Q-learning is one the most powerful tabular algorithms that can tackle acute, optimization problems using Bellman equations. However, this algorithm has some disadvantages such as lack of safety when choosing an action. In fact, when this method takes an actions from the action space, it does not make sure what the consequense of the chosen actions is and tries to take actions blindly. In this project, we aim to solve this problem using symbolic logic programming. Indeed, in each state, we try to remove those actions which have a negative conqesuence using Prolog Programming and PySwip interface. By doing so, we bring the safety of the agent to the next level. Implementing the simulation in Python, we show that the symbolic Q-learning method can receive bigger rewards as compared to conventional Q-learing method.
state(X).
means, X is a state.
maxWidth(4).
maxHeight(4).
:-retractall(state(_)).
:-maxWidth(N),maxHeight(M),
forall(between(0,N,X),(
forall(between(0,M,Y),asserta(state((X,Y)))))).
action(X).
means, X is an action.
act(right).
act(left).
act(up).
act(down).
action(X):-act(X).
adjacent(X,D,Y).
means, if we be in state X and move in direction D, then we will be in the state Y.

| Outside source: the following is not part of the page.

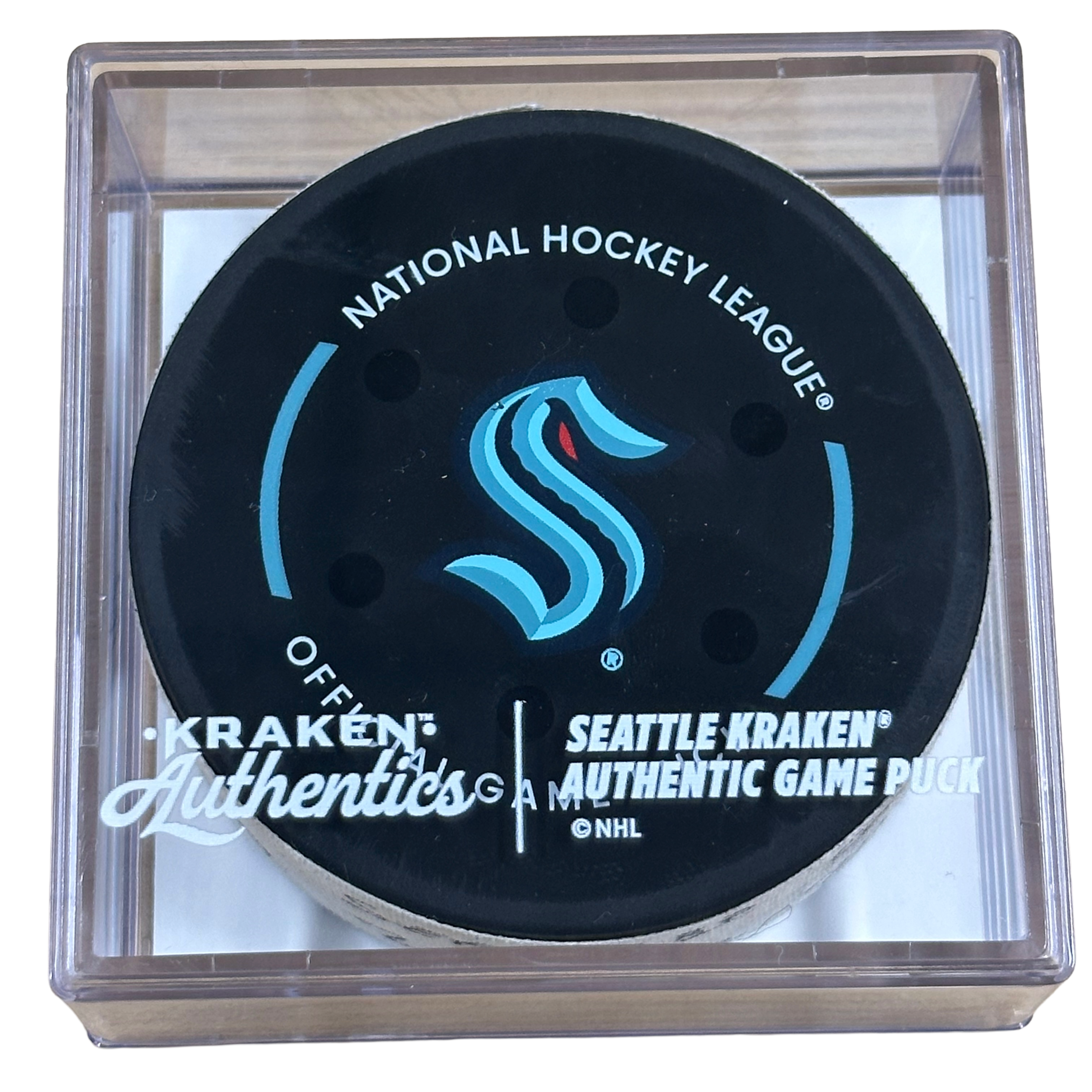 Official game used puck from the Seattle Kraken against the Detroit Red Wings on December 6th, 2025.

adjacent((A,B),right,(C,D)):-state((A,B)),state((C,D)),D is B+1,C is A.
adjacent((A,B),left ,(C,D)):-state((A,B)),state((C,D)),D is B-1,C is A.
adjacent((A,B),up ,(C,D)):-state((A,B)),state((C,D)),C is A-1,D is B.
adjacent((A,B),down ,(C,D)):-state((A,B)),state((C,D)),C is A+1,D is B.
wall(X).
means, state X is an obstacle (wall).
wall((1,1)).
wall((2,2)).
wall((3,3)).
wall((4,0)).
wall((0,4)).
not_wall(X):-not(wall(X)).
Dangerous actions, the actions by taking which, the agent will strike the wall, will be removed in each state.
remove_repeats(List, Result) :-
setof(X, member(X, List), Result).
safe_actions(State,Actions):-state(State),findall(Action,(adjacent(State,Action,NextState),not_wall(NextState)),L),remove_repeats(L,Actions).
In this section, we make use of PySwip, as an interface between Python and Prolog, to import choosing_action_maze.pl
file into python using the following commands:
from pyswip import Prolog
prolog = Prolog()
prolog.consult('choosing_action_maze.pl')
def safe_actions(state):
X, Y = state[0], state[1]
input = "safe_actions(("+str(X)+","+str(Y)+"),Actions)"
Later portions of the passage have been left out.